- [Instructions for the task] From the data below, return only the lines from the one with "In the care" through the one with "formanism あったか スウェット", exact and inclusive, with pictures left out.

- [Provided data]
■ ■ ■
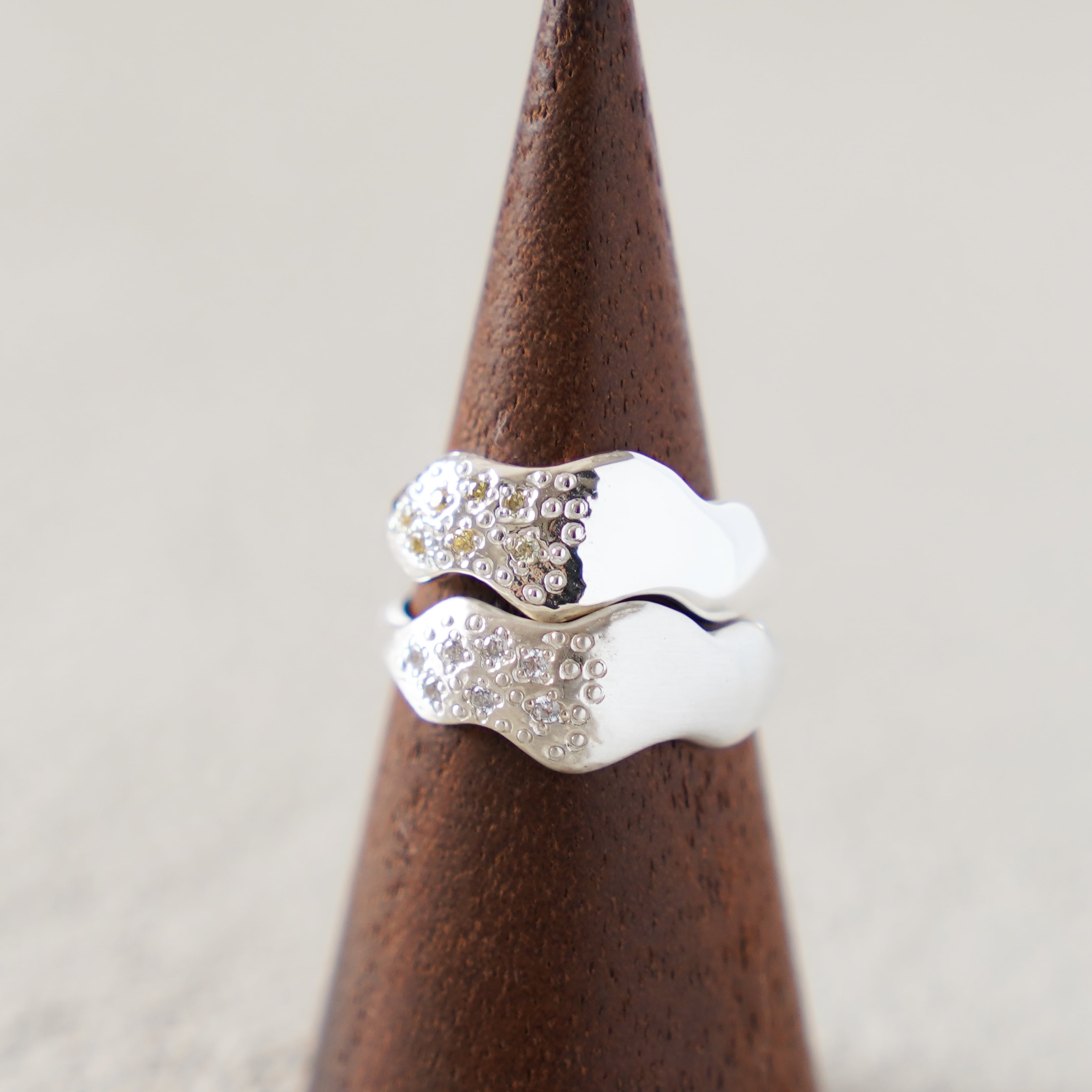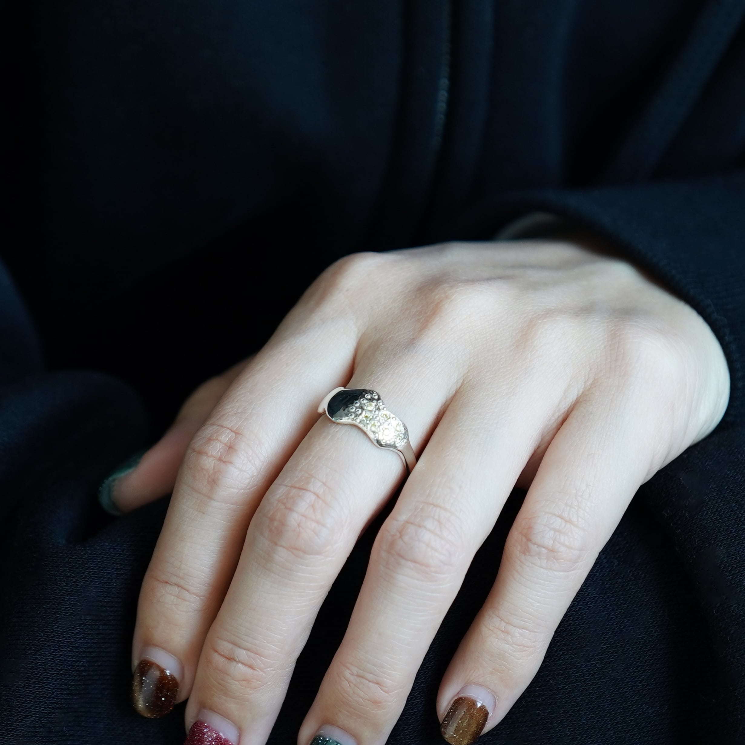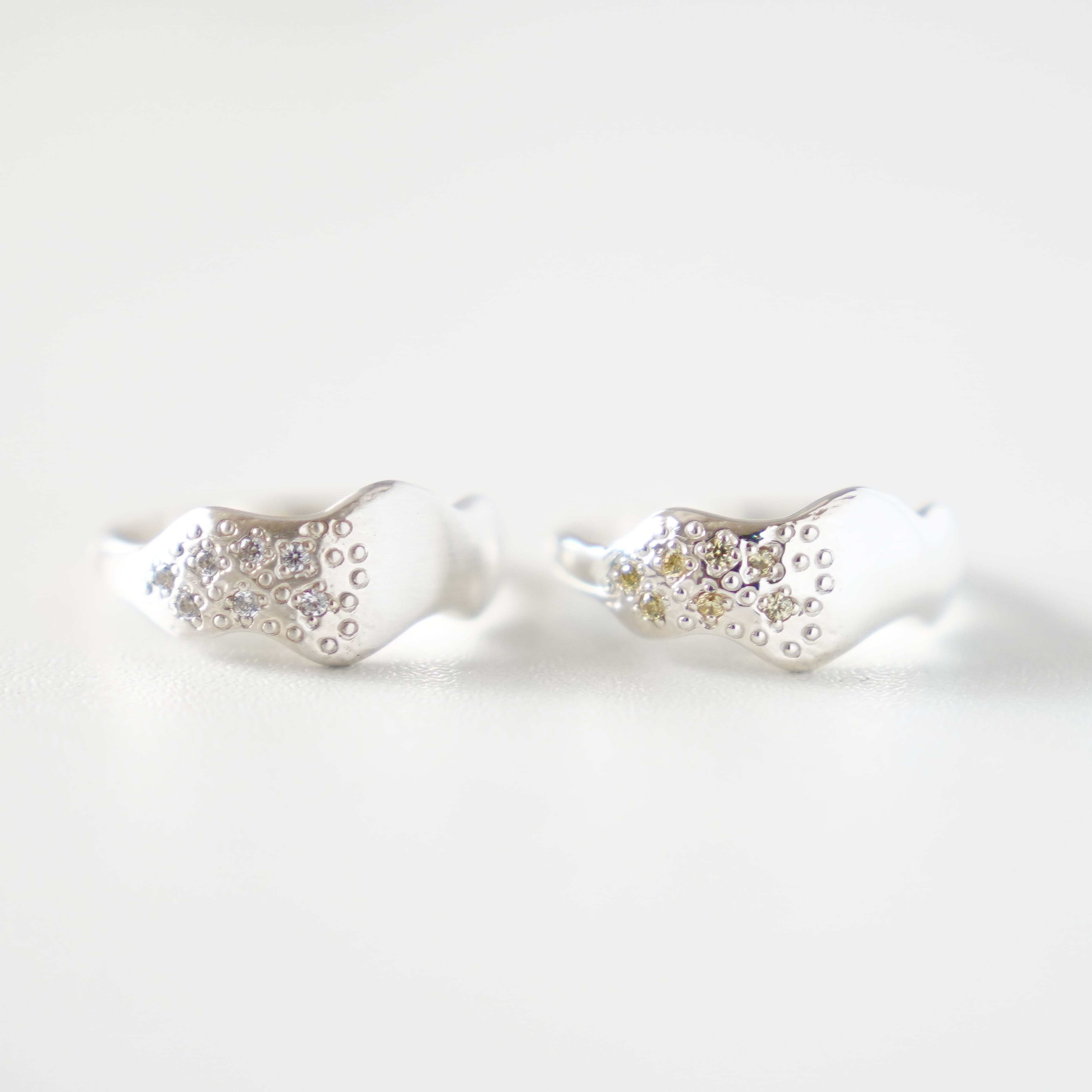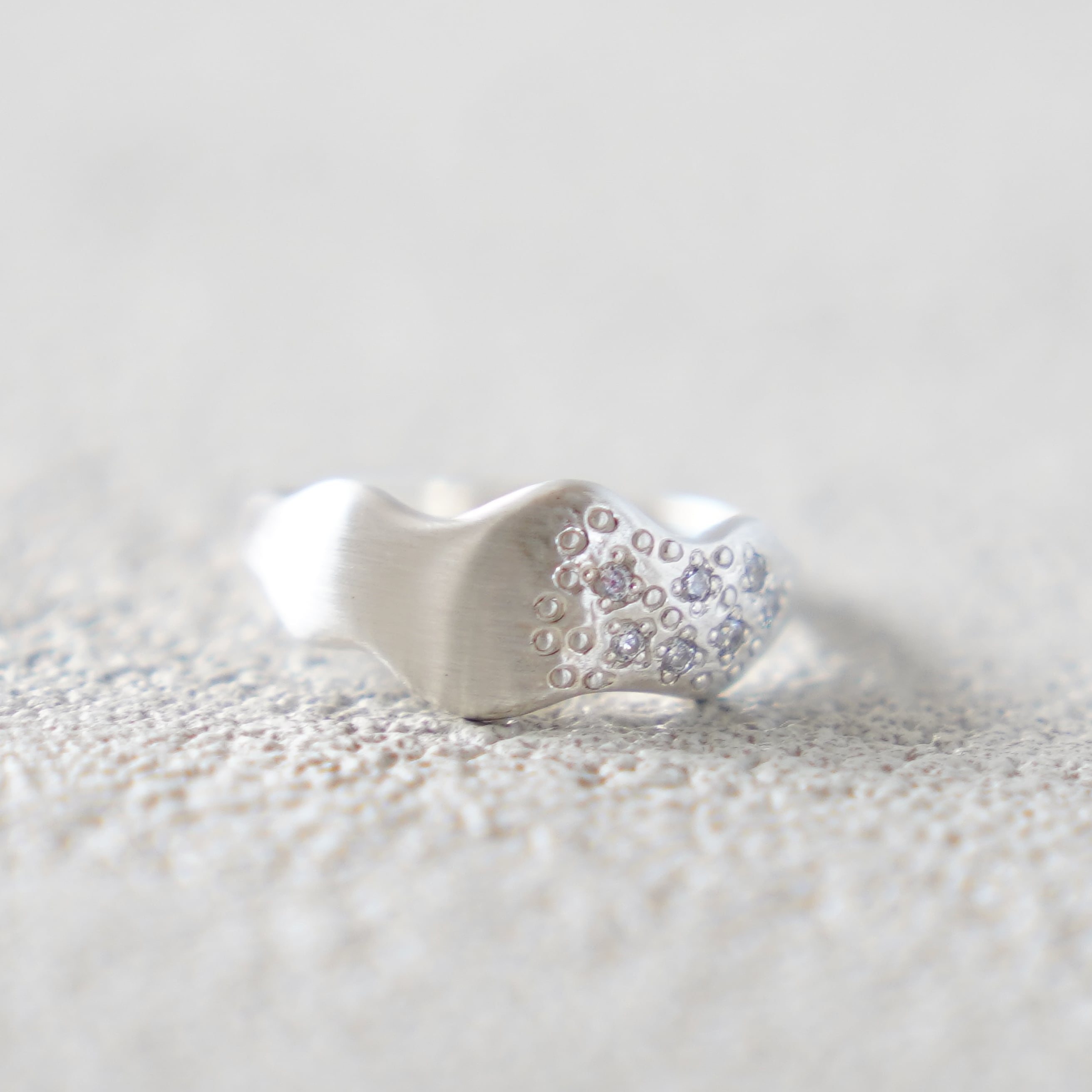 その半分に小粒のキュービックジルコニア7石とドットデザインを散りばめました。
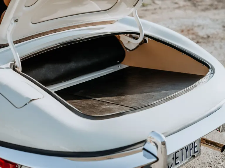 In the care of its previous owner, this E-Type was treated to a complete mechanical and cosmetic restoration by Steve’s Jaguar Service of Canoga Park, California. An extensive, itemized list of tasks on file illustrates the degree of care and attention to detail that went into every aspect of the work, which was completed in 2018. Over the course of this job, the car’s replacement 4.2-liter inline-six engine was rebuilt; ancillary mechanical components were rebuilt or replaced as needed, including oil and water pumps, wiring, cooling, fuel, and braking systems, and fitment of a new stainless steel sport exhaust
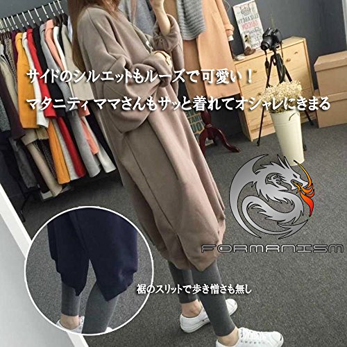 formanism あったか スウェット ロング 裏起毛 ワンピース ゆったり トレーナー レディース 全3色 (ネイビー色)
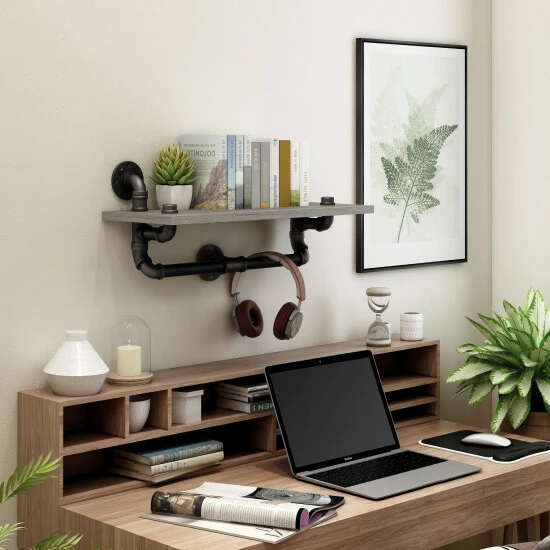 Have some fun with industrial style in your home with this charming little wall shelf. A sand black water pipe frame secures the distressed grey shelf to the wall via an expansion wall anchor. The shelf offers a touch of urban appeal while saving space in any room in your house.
■ ■ ■
- [Answer box]
 In the care of its previous owner, this E-Type was treated to a complete mechanical and cosmetic restoration by Steve’s Jaguar Service of Canoga Park, California. An extensive, itemized list of tasks on file illustrates the degree of care and attention to detail that went into every aspect of the work, which was completed in 2018. Over the course of this job, the car’s replacement 4.2-liter inline-six engine was rebuilt; ancillary mechanical components were rebuilt or replaced as needed, including oil and water pumps, wiring, cooling, fuel, and braking systems, and fitment of a new stainless steel sport exhaust
 formanism あったか スウェット ロング 裏起毛 ワンピース ゆったり トレーナー レディース 全3色 (ネイビー色)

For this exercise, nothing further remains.